- Born: James Foster Neal September 7, 1928 Oak Grove, Tennessee, U.S.
- Died: October 21, 2010 (aged 82) Nashville, Tennessee, U.S.
- Education: University of Wyoming (BA) Vanderbilt University (JD) Georgetown University (LLM)

= James F. Neal =

American trial lawyer (1929–2010)

James Foster Neal (September 7, 1928 – October 21, 2010) was an American trial lawyer who was best known for prosecuting labor leader Jimmy Hoffa and later top Nixon administration officials in connection with the Watergate scandal.

==Early life, education, early career==
Neal was born on September 7, 1928, in Oak Grove, Tennessee, and grew up on a small tobacco and strawberry farm. Neal attended Sumner County High School in Portland, Tennessee, and played running back on the football team. He graduated from high school in the class of 1946. He attended the University of Wyoming on a football scholarship and was a running back on its 1950 undefeated team. After graduating from college, Neal served for two years in the United States Marine Corps. He graduated first in his law school class at Vanderbilt University Law School in 1957 and also earned a master's degree in tax law from Georgetown University in 1960. Neal then joined a Washington, DC law firm.

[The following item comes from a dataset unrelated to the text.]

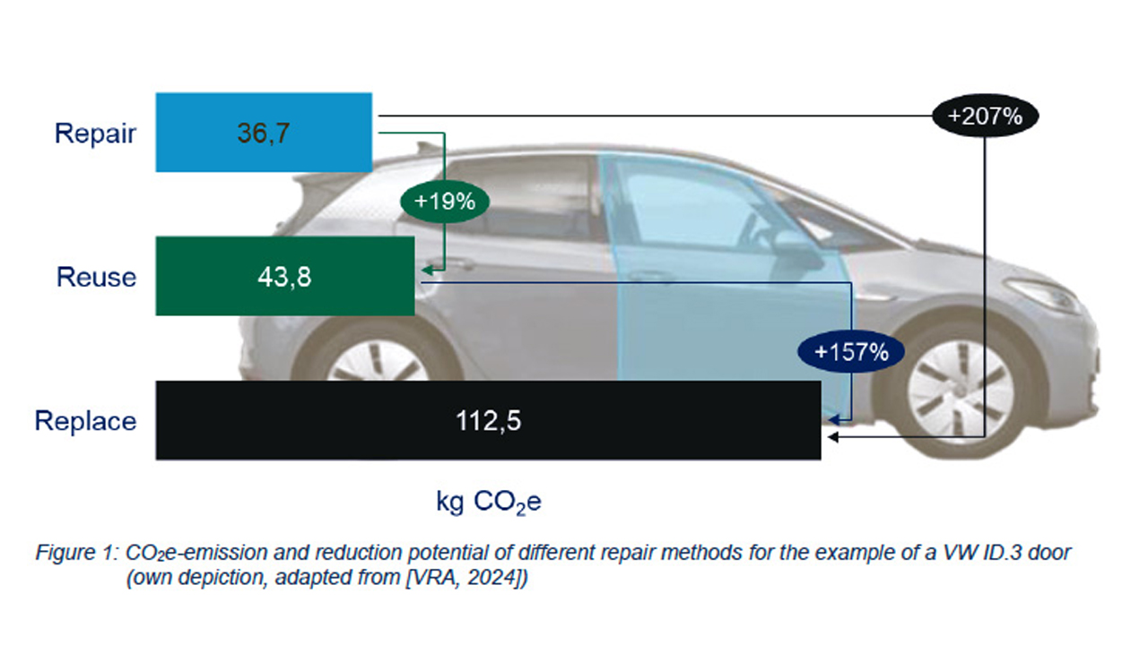 Er weist auch darauf hin, dass die finanziellein Einsparungen erheblich sein können. Die Reparatur einer Seitenverkleidung eines Ford Fiesta spart beispielsweise rund 1.700 US-Dollar. Weitere Vorteile ergeben sich beim Austausch durch ein gebrauchtes Teil. „Der Einbau einer gebrauchten Fahrertür aus einem VW Golf VII würde 89 Prozent oder 81,6 kg CO₂ einsparen.“ [Abb. 2]

==Works for RFK, Hoffa prosecutions==
Attorney General Robert F. Kennedy selected Neal in 1961 to lead a Justice Department investigation of Jimmy Hoffa, who was President of the Teamsters Union and a powerful political figure. After Hoffa's first trial on corruption charges ended in a hung jury, Neal led a second prosecution for jury tampering, which resulted in Hoffa's only federal conviction. According to The Washington Post, Neal took pride in saying "Jimmy Hoffa once called me the most vicious prosecutor who ever lived." Hoffa's prison sentence was later commuted by Richard Nixon. After the Hoffa prosecution, Neal was appointed the United States Attorney for the federal courts in Nashville, Tennessee.

==Private practice==
In 1966, Neal became a Nashville, Tennessee-based trial attorney who litigated prominent cases around the country. In 1971, he and Aubrey Harwell, Jr. formed Neal & Harwell. The firm's emphasis was and continues to be on criminal and civil litigation.

Neal later won an acquittal of Elvis Presley's doctor, George Nichopoulos, who had been tried for improperly dispensing drugs that contributed to the singer's death in 1977. In 1980, Neal won an acquittal for Ford Motor Company when the company was charged with reckless homicide due to the faulty design of its Pinto model car, convincing jurors that the company was not negligent, despite the safety problems experienced with the Pinto. In 1985, Neal successfully defended Governor Edwin Edwards of Louisiana in a trial for racketeering.

==Watergate prosecutor, federal service==

In 1973, special prosecutor Archibald Cox recruited Neal to investigate the Watergate scandal. Neal negotiated a guilty plea from former White House Counsel John Dean in October 1973, and then represented the prosecution in a 1974 criminal trial where former Attorney General John Mitchell and Presidential aides John D. Ehrlichman and H.R. Haldeman were convicted of conspiracy, perjury and obstruction of justice on January 1, 1975.

In the 1980s, Neal returned to federal service as a special investigator of the Abscam and Iran-Contra scandals.

==Additional high-profile cases==
In 1985, Fortune magazine named Neal one of the United States' top trial lawyers. Neal defended film director John Landis in a manslaughter trial resulting from the death of actor Vic Morrow and two children during the 1982 filming of Twilight Zone: The Movie. Following this success, John Landis cast Neal (and his law partner James F. Sanders) as extras in the 1988 movie Coming to America. Neal represented Exxon Corporation after the 1989 Exxon Valdez oil spill in Alaska.

==Television actor==
In addition to trial litigation, Neal did legal work for a number of Nashville-based country-western entertainers. One of his clients, Johnny Cash, cast him as a lawyer in the 1983 made-for-television movie Murder in Coweta County. Neal also played himself in Watergate, a 1994 television mini-series. Neal has been portrayed by others, such as J.C. MacKenzie in the Martin Scorsese film The Irishman.

==Death==
Neal died at the age of 82 on October 21, 2010, in Nashville, Tennessee due to esophageal cancer. He was survived by widow Dianne Ferrell Neal, to whom he had been married for 20 years, three children, and five grandchildren.